Poet Robert Harrison, of East Meadow, worked for Nassau BOCES...

Poet Robert Harrison, of East Meadow, worked for Nassau BOCES as well as what is now the NICE bus system. Credit: Harrison family

Poet, photographer and keeper of the flame for Long Island literature, Bob Harrison led a life as lyrical as any of his stanzas.

In "Outlived," published in an anthology just before his death on July 6 at age 80, the East Meadow resident wrote of growing older.

"They did not age like good wine, but suffered from the bubbles of life, gasping for pure air stuck in a bottle," his poem begins. But he ended it optimistically, saying: "But they still claim the victory of living, defying the odds stacked against them, dreaming each night of a better tomorrow."

Harrison saw hundreds of his poems and three plays published, along with Oyster Bay Historical Society articles on such topics as Long Island’s military history and African American heritage.

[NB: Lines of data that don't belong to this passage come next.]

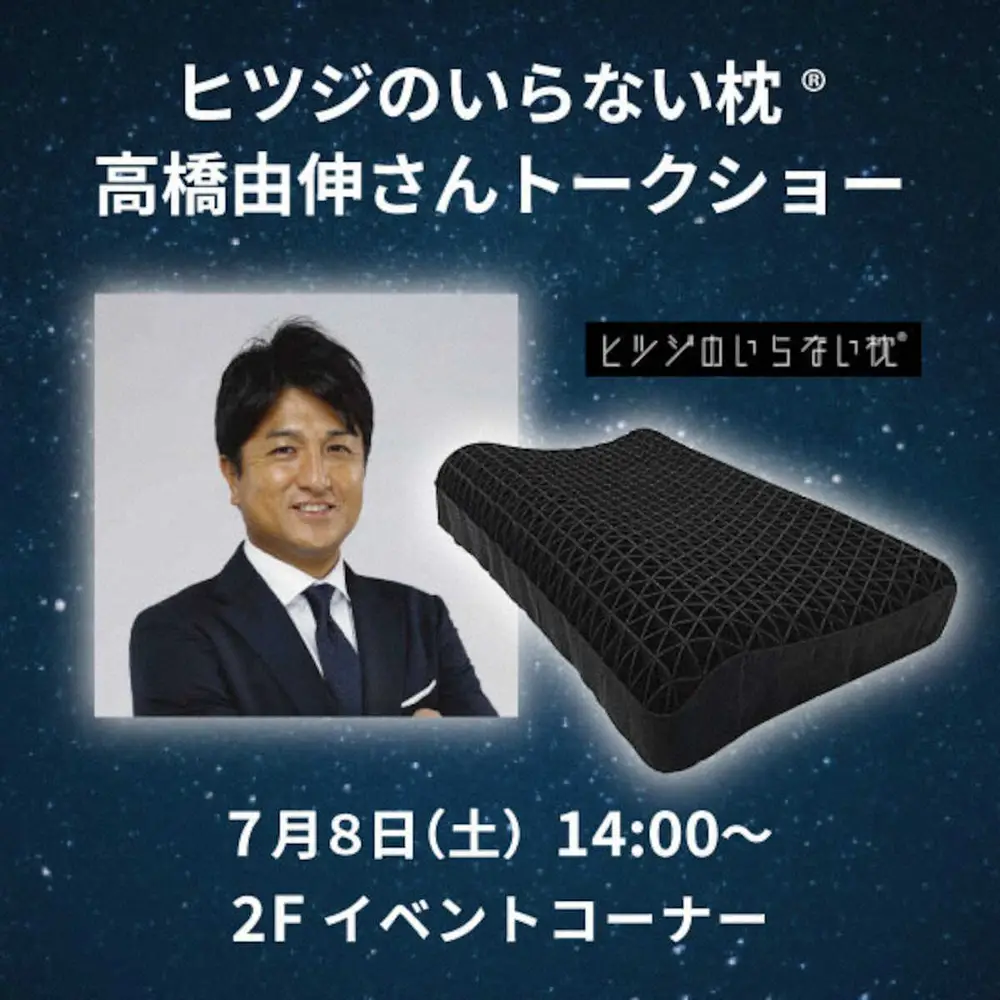 今回はクラウドファンディングサイト「Makuake」の枕部門で歴代1位の大ヒット商品となっている「ヒツジのいらない枕」とともに、高橋前監督が睡眠についてファンの前で話す。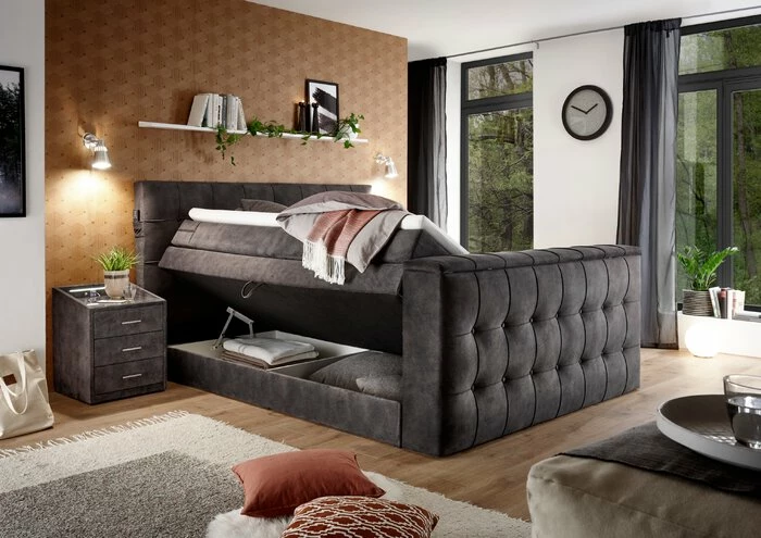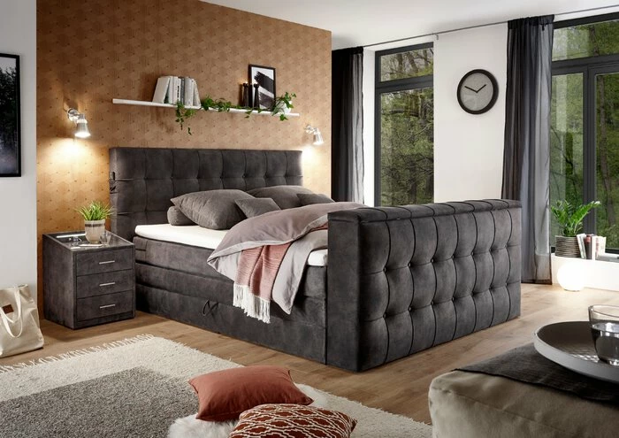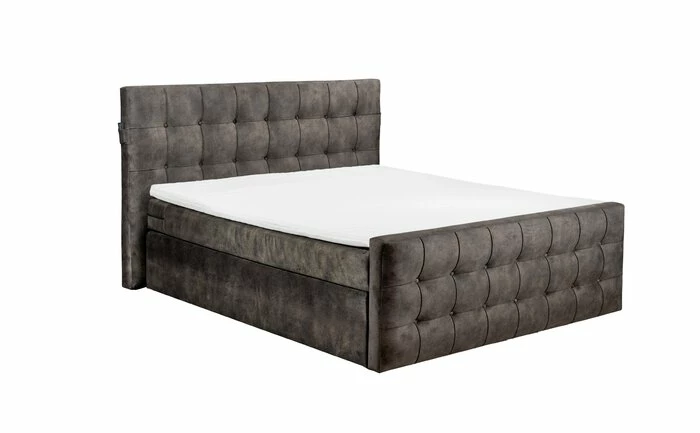 - Boxunterbau aus Holzwerkstoff (HDF) mit 4-Gang-Bonellfederkern, bezogen in Stoff Espresso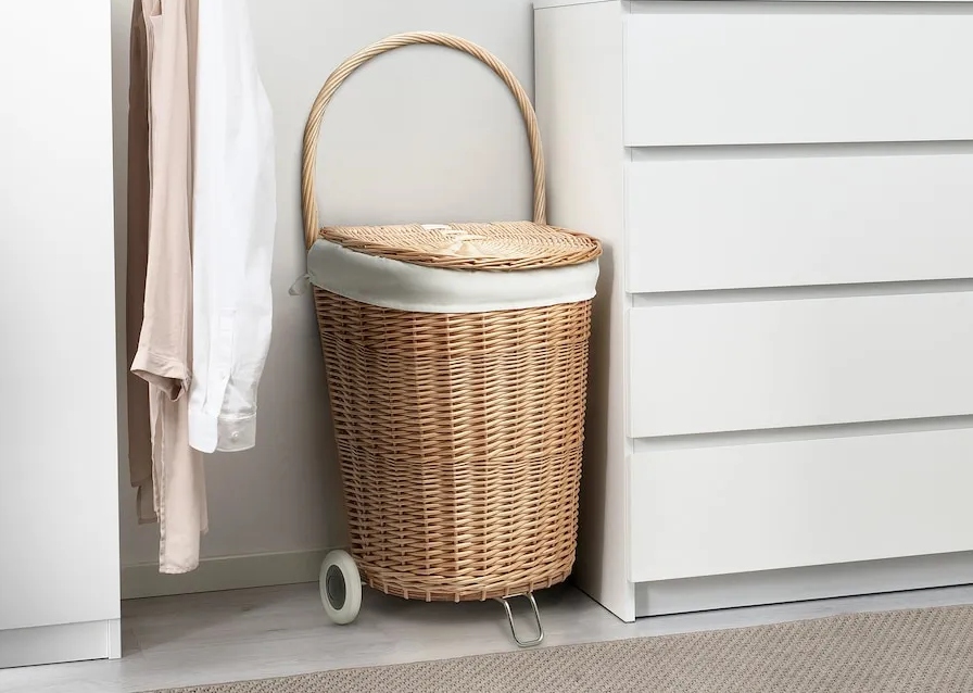 TOLKNING es una cesta hecha con fibras naturales que evocan un ambiente acogedor al hogar. Además, el hecho de que lleve ruedas lo hace aún más cómoda a la hora de hacer la colada. Es ideal para llevar la ropa a una lavandería automática o un cuarto de la lavadora compartido. Su precio es de 59,99€.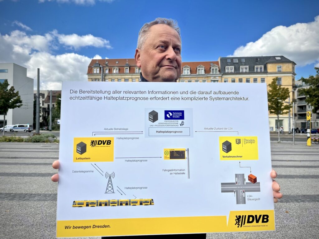 „Nach dem Einsturz der Carolabrücke und der erst kürzlich erfolgten Freigabe des Terrassenufers wird analysiert, wie sich der Verkehr auf dieser Achse entwickelt, bevor mit dem STA die Signalschaltungen modifiziert werden“, informiert die DVB.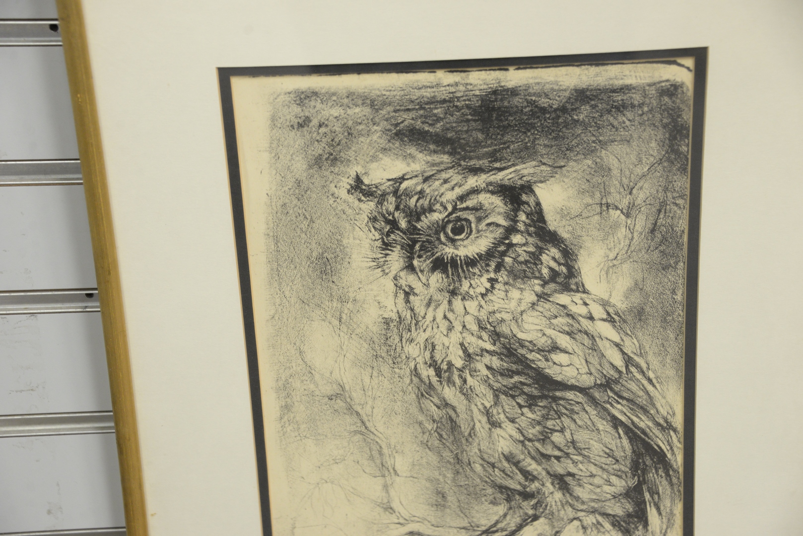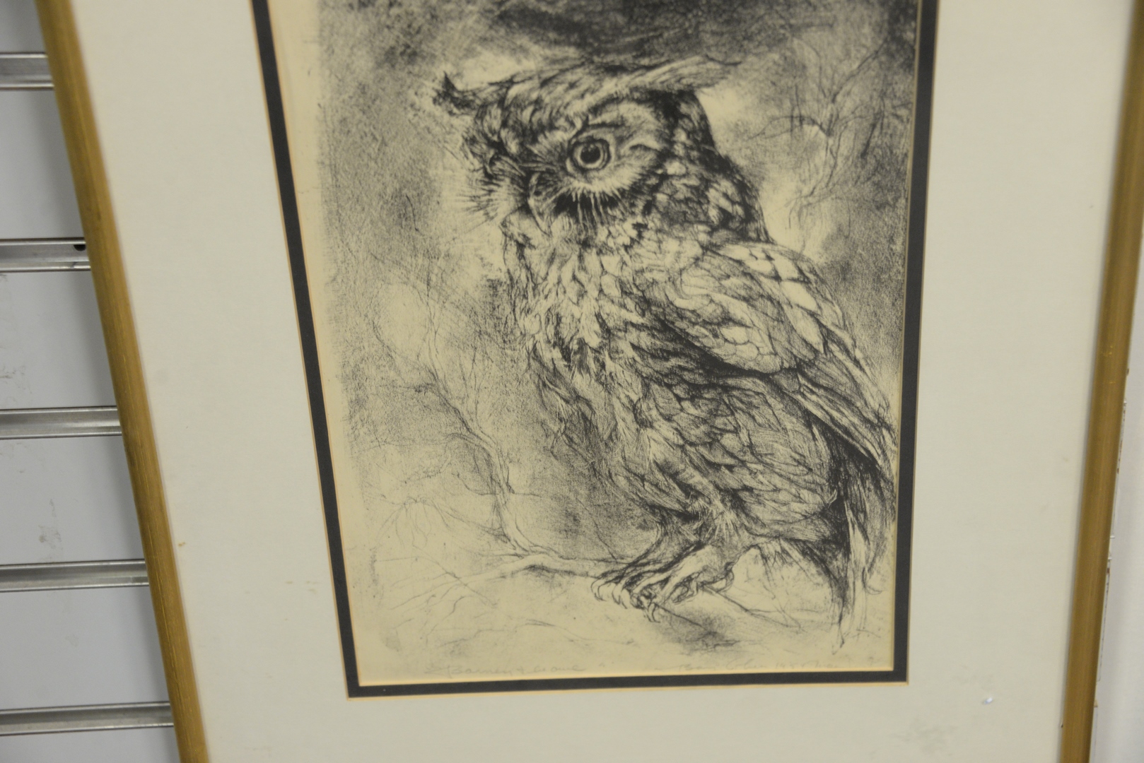 Lot 44: Two Piece Group, to include one etching by Nicholas de Jesus, signed faintly lower right, along with a lithograph of an owl, signed lower right Barry Cohen, image 6 1/4″ x 10 3/4″ and 11 3/4″ x 9″. Provenance: The Estate of Alan Gans, Mulberry Point,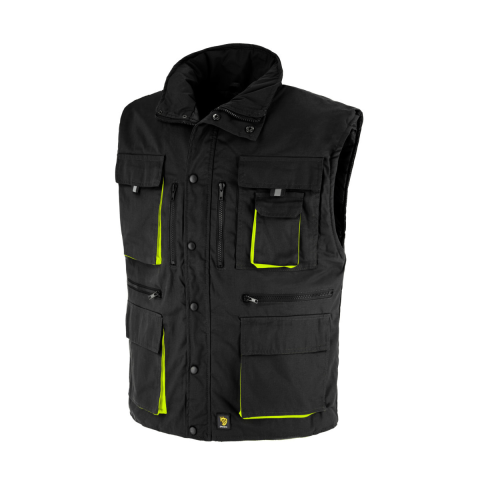 Hőszigetelt mellény 65% poliészter, 35% pamut külső anyagból. Meleg belső szigetelés, belül steppelt béléssel. Cipzáros záródás, csappantyúval rögzített hajtóka borítja. A magas állógallér, a mellény meghosszabbított hátulja és a karok körüli mandzsetták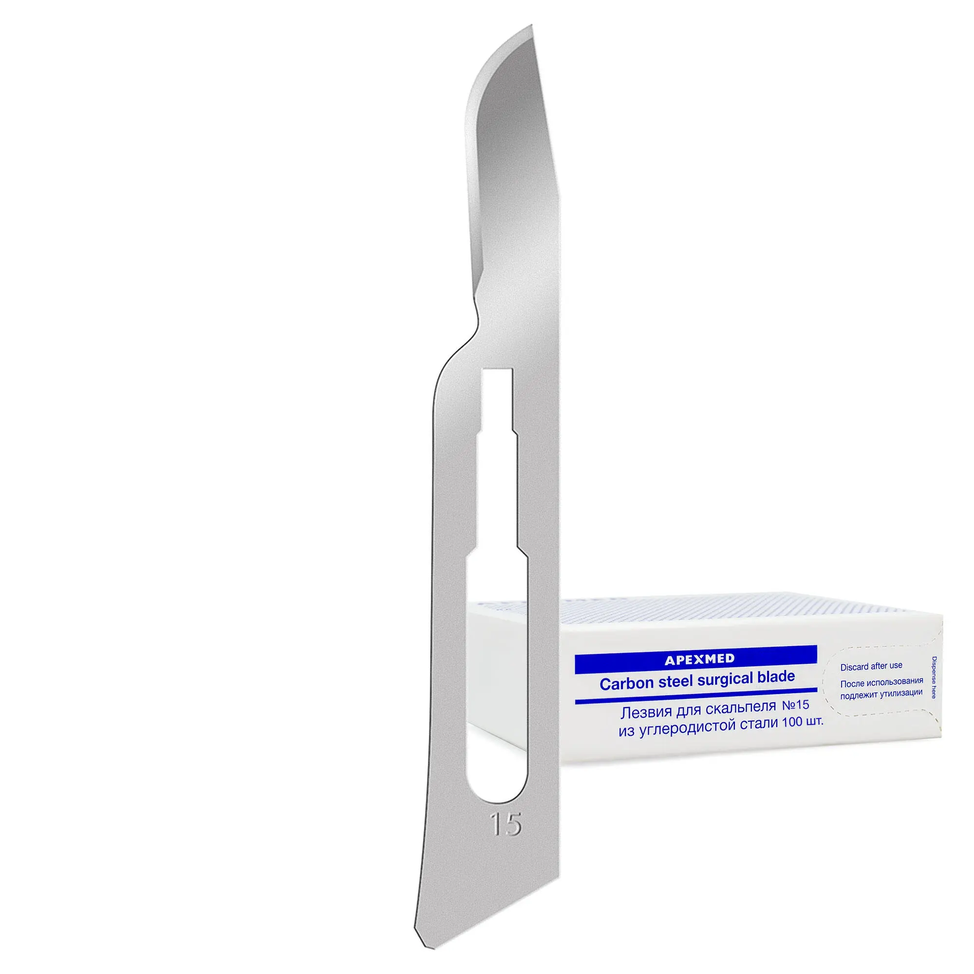 Лезвие из углеродистой стали №15, 100 штук, Apexmed

He also had thousands of photographs published, exhibited and gathered in institutional collections.

Much of this he did while managing full-time careers as a BOCES special-education teacher in the early 1970s, and afterward with MTA Long Island Bus (now Nassau Inter-County Express), retiring in 2006 as manager of its command center.

Harrison melded these disparate selves with "a quirky sense of humor," said his friend Judy Turek, of East Meadow, the Walt Whitman Birthplace Association’s Long Island Poet of the Year 2019. "He was always smiling and welcoming, and involved in a lot of different things."

"I don’t think people on Long Island appreciate the rich history we have here of poets and writers," said 2017 Long Island Poet of the Year Tammy Nuzzo-Morgan, head of the Long Island Poetry and Literature Repository, to which Harrison contributed his papers. "Musicians, OK. Actors, yes. But we’ve kind of forgotten about the poets and writers. And Bob was so fierce about not letting us forget."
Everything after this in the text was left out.